Find the line containing "Kifejezetten kis pisztrángos" in the material below, then please transcribe it and each line after it exactly, without the pictures.

INFORMATION SUPPLIED: Begin

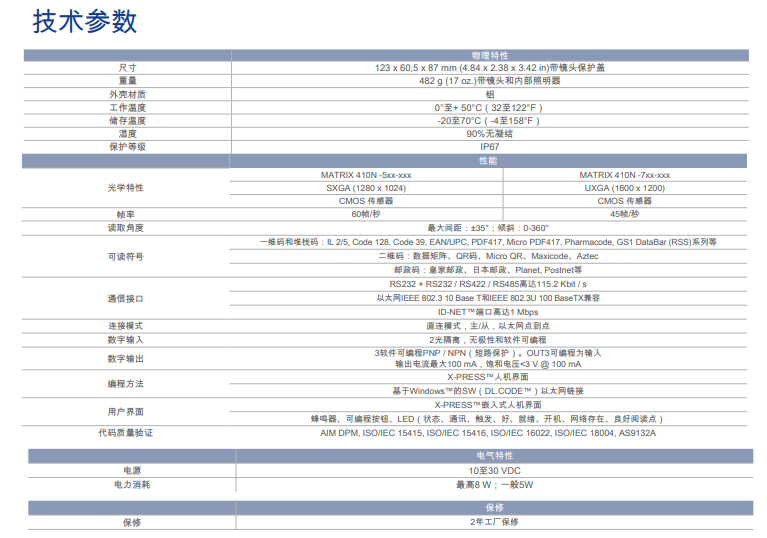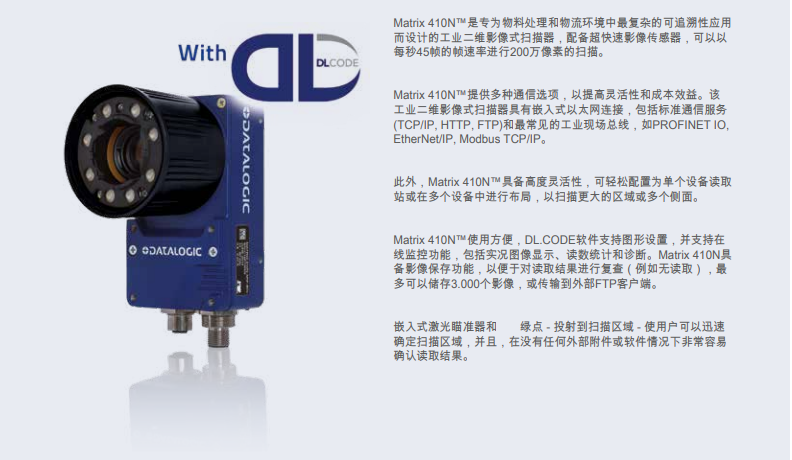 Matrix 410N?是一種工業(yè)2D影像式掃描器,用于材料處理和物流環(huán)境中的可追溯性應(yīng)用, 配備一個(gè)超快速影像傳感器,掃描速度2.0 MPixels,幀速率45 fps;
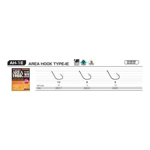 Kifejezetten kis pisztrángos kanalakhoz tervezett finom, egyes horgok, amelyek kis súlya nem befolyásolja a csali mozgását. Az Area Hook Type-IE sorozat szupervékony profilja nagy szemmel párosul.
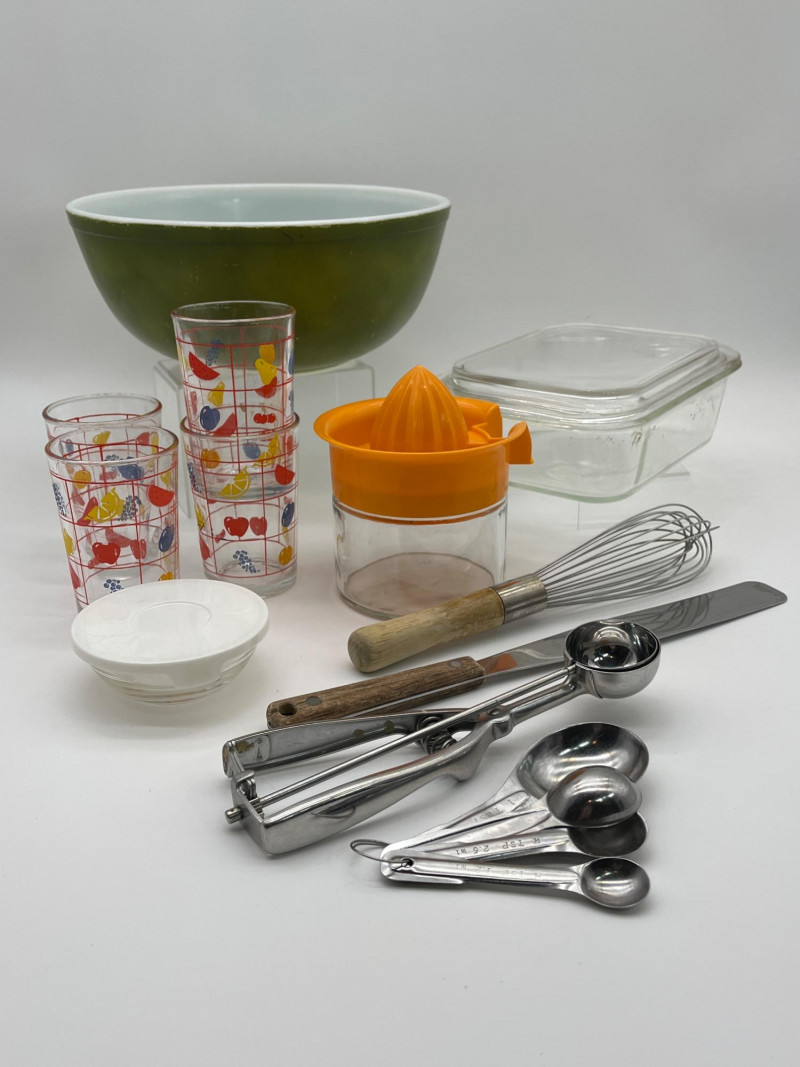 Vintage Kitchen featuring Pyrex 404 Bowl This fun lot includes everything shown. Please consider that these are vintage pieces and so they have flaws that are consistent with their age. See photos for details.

INFORMATION SUPPLIED: End

* **FINISHED EXERCISE**:
 Kifejezetten kis pisztrángos kanalakhoz tervezett finom, egyes horgok, amelyek kis súlya nem befolyásolja a csali mozgását. Az Area Hook Type-IE sorozat szupervékony profilja nagy szemmel párosul.
 Vintage Kitchen featuring Pyrex 404 Bowl This fun lot includes everything shown. Please consider that these are vintage pieces and so they have flaws that are consistent with their age. See photos for details.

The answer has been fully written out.